* [DATA SUPPLIED]:
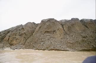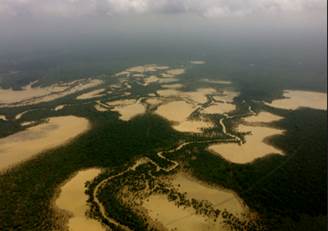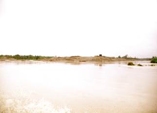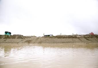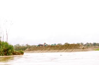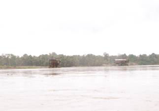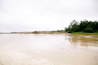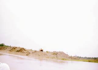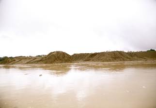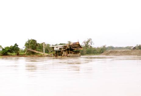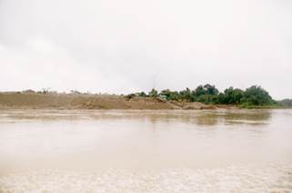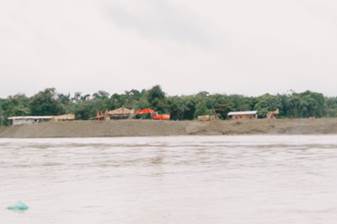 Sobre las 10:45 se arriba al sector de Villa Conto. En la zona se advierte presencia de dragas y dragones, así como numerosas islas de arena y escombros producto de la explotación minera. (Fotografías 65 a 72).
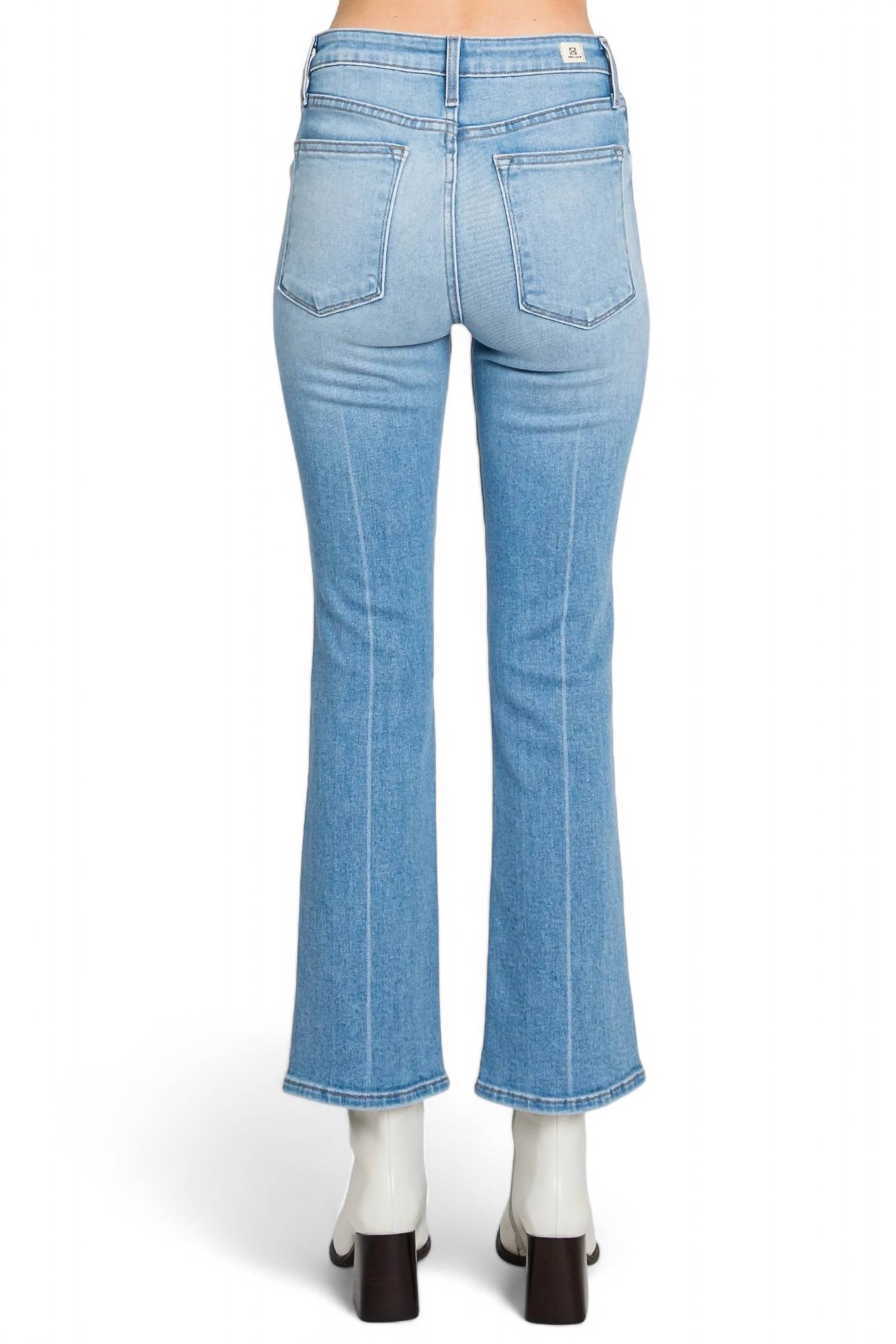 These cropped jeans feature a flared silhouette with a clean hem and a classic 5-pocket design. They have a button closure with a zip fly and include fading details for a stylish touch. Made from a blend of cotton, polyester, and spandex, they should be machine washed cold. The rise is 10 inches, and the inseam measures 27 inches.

---

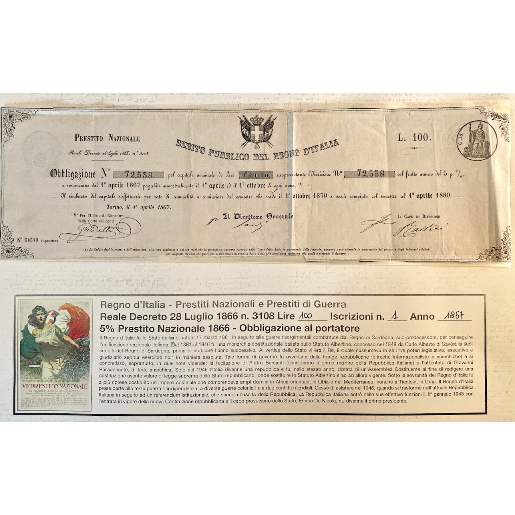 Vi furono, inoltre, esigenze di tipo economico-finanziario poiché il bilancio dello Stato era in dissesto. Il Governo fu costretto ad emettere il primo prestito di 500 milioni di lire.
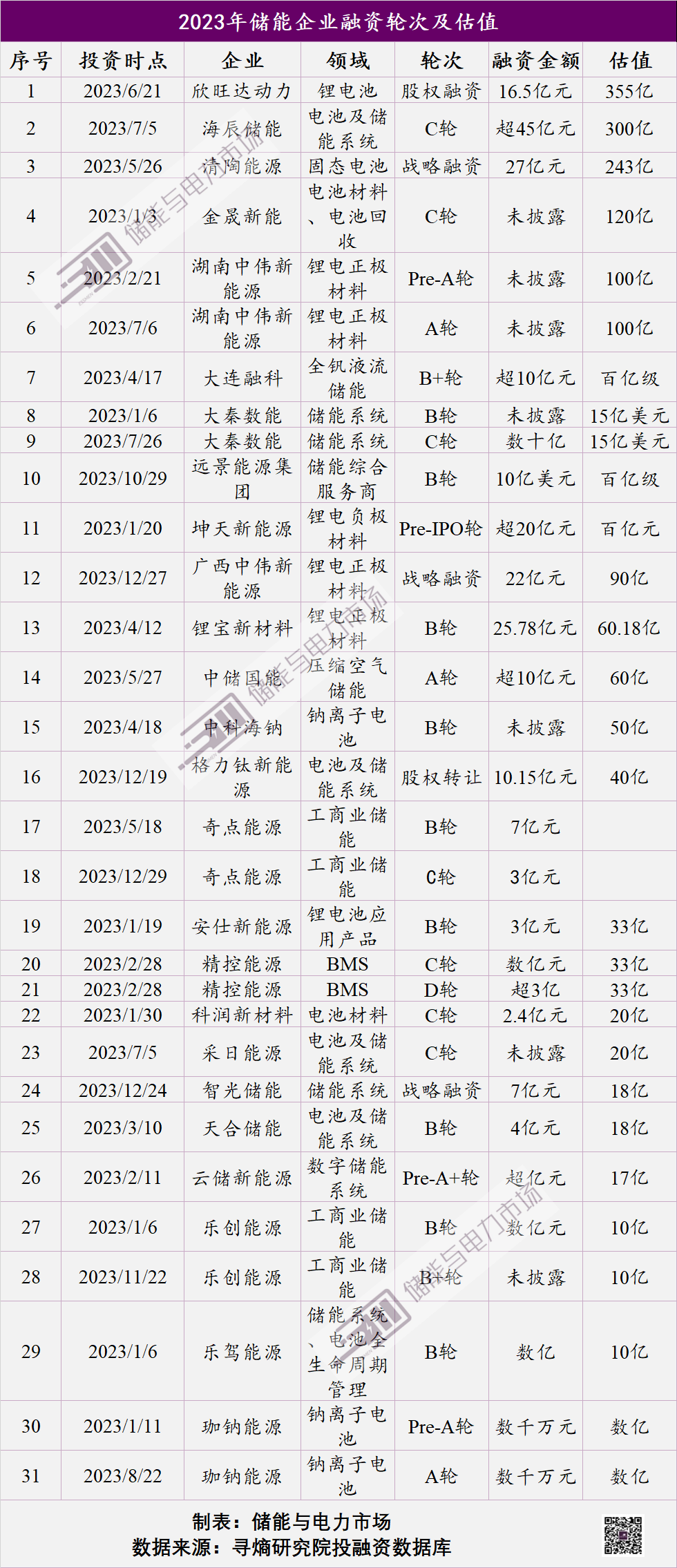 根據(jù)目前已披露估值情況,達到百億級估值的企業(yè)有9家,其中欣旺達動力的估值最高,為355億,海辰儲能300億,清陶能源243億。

---

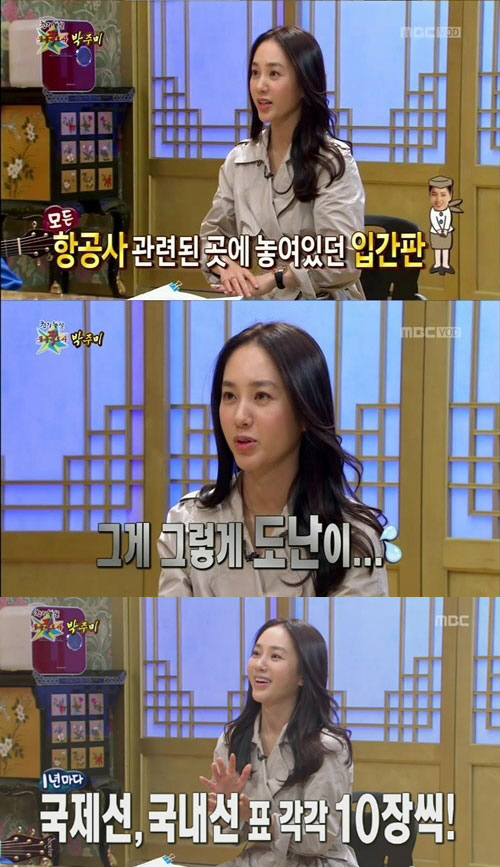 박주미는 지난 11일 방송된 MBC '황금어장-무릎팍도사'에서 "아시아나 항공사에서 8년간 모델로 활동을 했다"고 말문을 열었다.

* [REQUIREMENT]:
Set down, exactly as written above, each line from the one with "Sobre las 10:45" through the one with "These cropped jeans", and skip the pictures.

* [RESPONSE AREA]:
 Sobre las 10:45 se arriba al sector de Villa Conto. En la zona se advierte presencia de dragas y dragones, así como numerosas islas de arena y escombros producto de la explotación minera. (Fotografías 65 a 72).
 These cropped jeans feature a flared silhouette with a clean hem and a classic 5-pocket design. They have a button closure with a zip fly and include fading details for a stylish touch. Made from a blend of cotton, polyester, and spandex, they should be machine washed cold. The rise is 10 inches, and the inseam measures 27 inches.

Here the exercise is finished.